Objective 3 was to understand pathological mechanisms at synapses and to develop a new stem cell derived neuronal model for these investigations. We published a set of unique induced pluripotent stem cell lines (Toombs et al 2020) and have now used these to model synaptic effects of amyloid beta and tau. In collaboration with a biotech company, we observed that reducing voltage gated potassium channels Kv3.4 in a mouse model of Alzheimer’s ameliorated synapse loss and that challenging iPSC neurons with human Alzheimer’s brain homogenate caused a rapid decrease on Kv3.4 expression, perhaps as a compensatory mechanism for synaptotoxicity (Yeap et al 2022 Brain and Neuroscience Advances). We further observe that synaptic protein expression is changed in iPSC derived neurons in response to this human AD brain challenge (King et al 2022 MedRxiv). The final data analyses from the final 2 objectives ( 3b and 3c) using these neurons are in the final stages and I will finish the papers in the coming months. We discovered novel mechanisms of synapse degeneration using several approaches throughout the project including the involvement of mitochondria in synapse degeneration (Pickett et al 2018 Acta Neuropath), collaborative work showing tau binding synaptogyrin 3 in synapses (Zhou et al 2017 Nature communications, McInnes et al 2018 Neuron, Largo-Barrientos et al 2021 Neuron)

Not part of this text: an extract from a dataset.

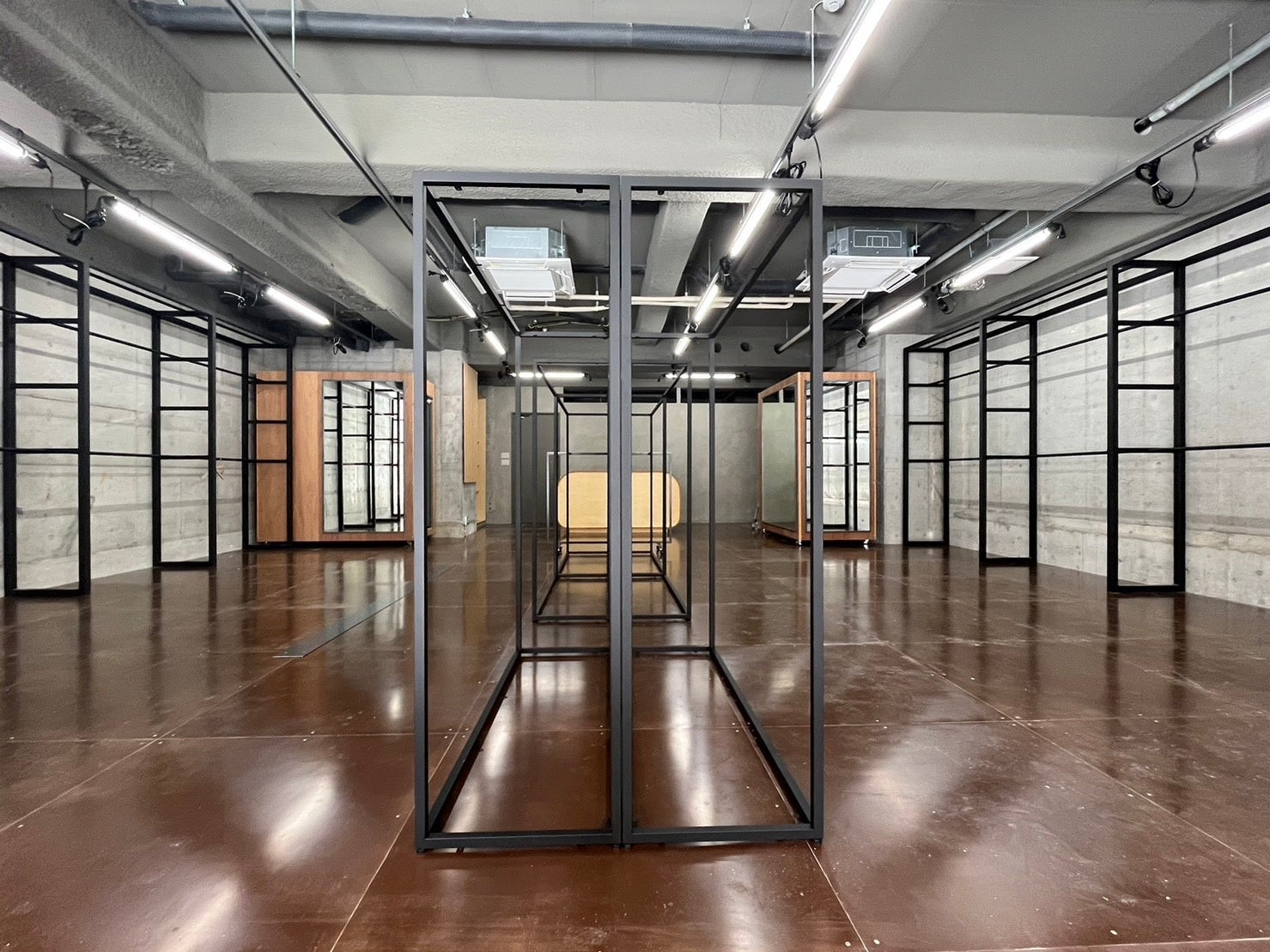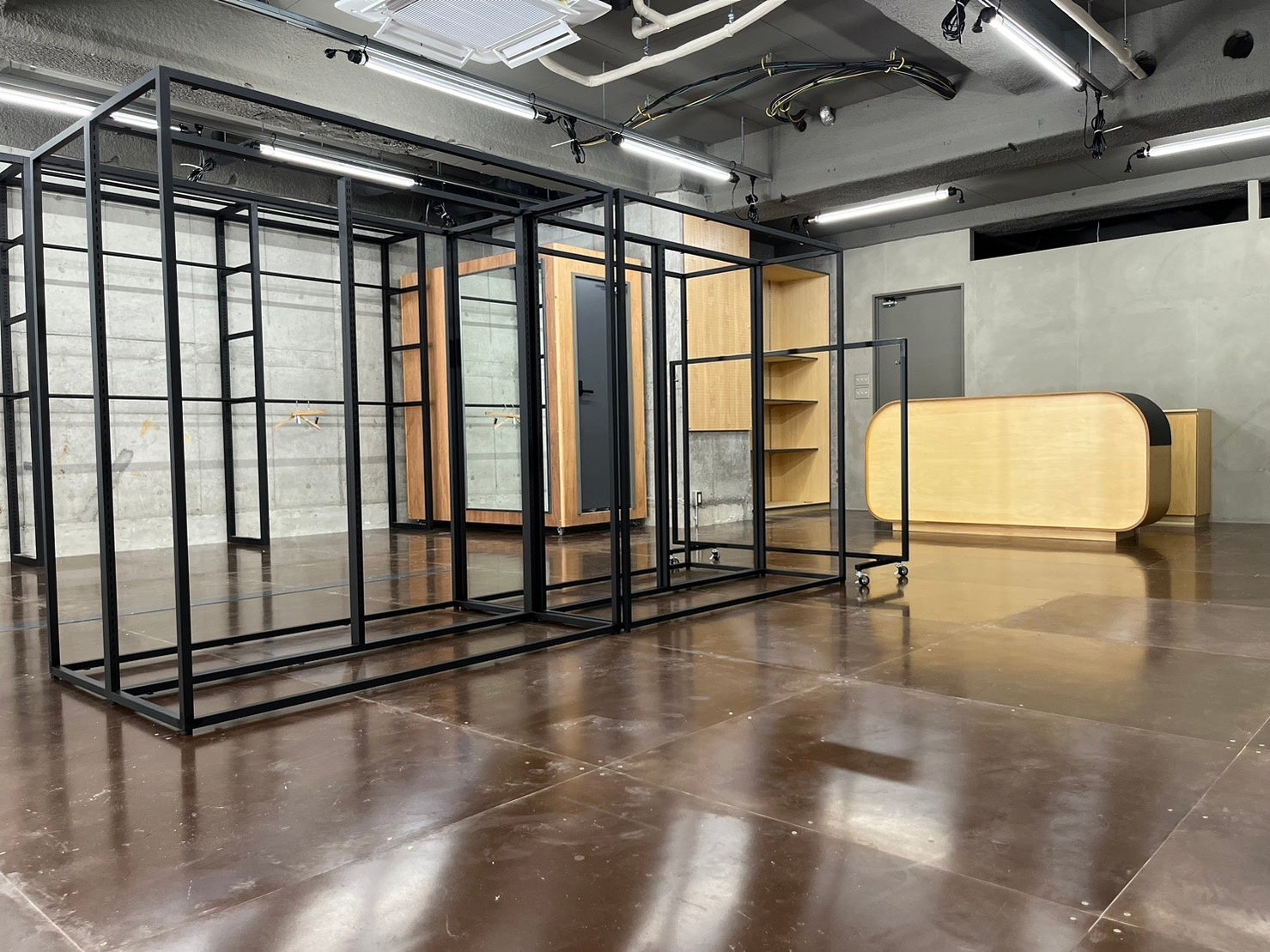 京都らしく"和"の趣きを取り入れた入口を抜けると、"倉庫"をイメージした店内は、1990年代のストリートカルチャーの空気感を取り入れ、スケボーパークをイメージさせる床や、"黒"と"鉄"を基調としたモダンでインダストリアルな什器など、異なるスタイルを組み合わせる事で生まれた新しい空間でNANGAのプロダクツを感じていただきたいと思います。

Altogether, the ALZSYN project revealed complex interactions between amyloid beta and tau in synapse degeneration and revealed a role for microglia and astrocytes in the amyloid cascade. These results have led to over a dozen primary research papers on which I am first author, over a dozen papers on which we contributed related data as collaborators, and over a dozen invited editorials, reviews and commentaries in high profile journals including Science, Nature Reviews Neuroscience and Nature Neuroscience. In addition, this award was instrumental in leveraging over 2 million euros in further funding from national funding bodies, charities, and pharmaceutical companies. Further, our collaborative work including ALZSYN data have been instrumental in contributing to clinical trials of a drug (Izzo et al 2021Alzheimer’s and Dementia).

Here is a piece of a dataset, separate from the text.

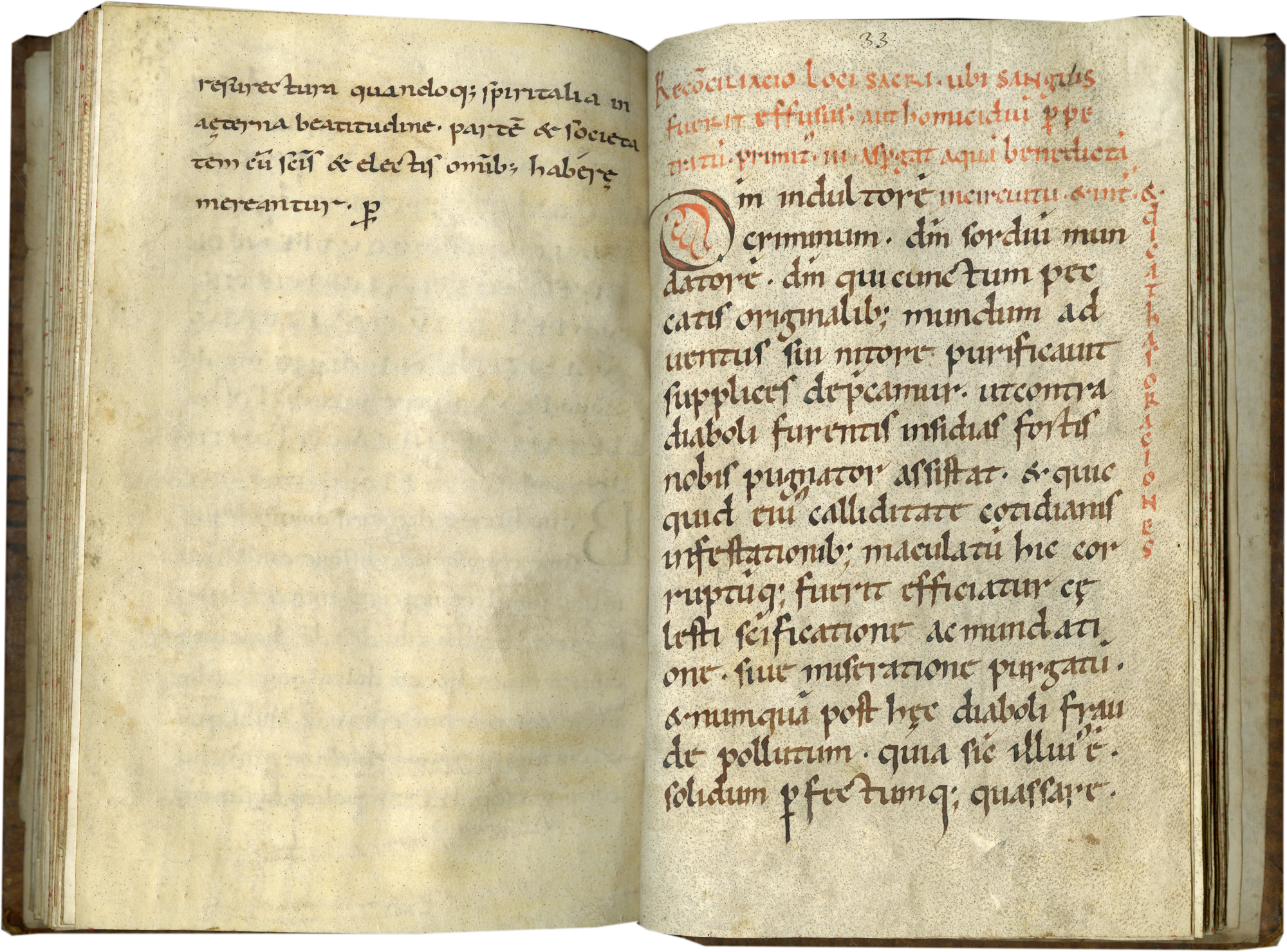 Another mystery is the ritual added in empty space on folio 32, written in slightly darker ink, giving the text for the blessing of a cemetery – an intriguing early witness to changing attitudes about places for the dead. In the late eleventh century cemeteries were increasingly seen as be inviolable spaces, offering protection to both the living and the dead. Anyone found guilty of a crime on cemetery ground would face heavy fines or excommunication. The new importance of sacred cemeteries was popularized by Pope Urban II, who consecrated (or re-consecrated) cemeteries as he traveled through France in 1095. The practice, as described here, involved the bishop and his priests singing songs while walking in a circle around a cemetery and sprinkling holy water.
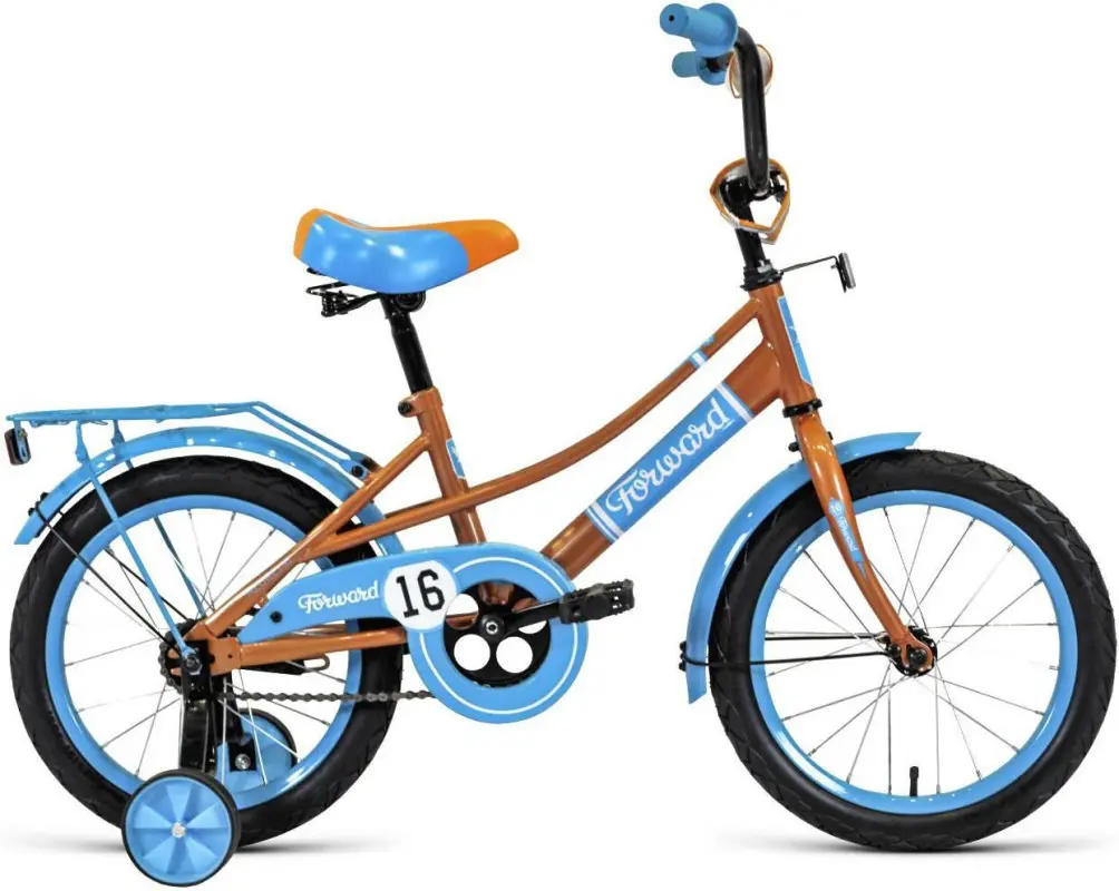 Детский велосипед forward azure 18, предназначенный для детей в возрасте от пяти до семи лет, с жесткой стальной вилкой, одной скоростью. Привлекательный дизайн, надежная сборка, легкость и отличная управляемость – это еще не все плюсы данной модели. Велосипед оснащен ограничителем поворота руля – специальной функцией, которая не позволит переднему колесу совершить поворот под большим углом, тем самым обезопасит от падения. Обратите внимание на багажник с зажимом – обязательный атрибут любого детского велосипеда, ведь как же еще перевозить свои игрушки и другие нужные мелочи во время прогулок? Для комфортных поездок по сложной трассе либо по пересеченной местности велосипед оборудован двумя дополнительными съемными колесами, благодаря которым маленький наездник будет чувствовать себя увереннее.

During this project, Prof Spires-Jones and team have expanded our brain bank of human tissue prepared for array tomography and electron microscopy which is a unique resource. This has generated collaborations worldwide and led to 6 peer reviewed publications during the tenure of this grant. Future work on the project includes using human stem cell derived neurons to better understand these processes and test potential treatments. We have also registered novel stem cell lines in HSPCreg that have been generated from the well characterized ageing cohort the Lothian Birth Cohort 1936.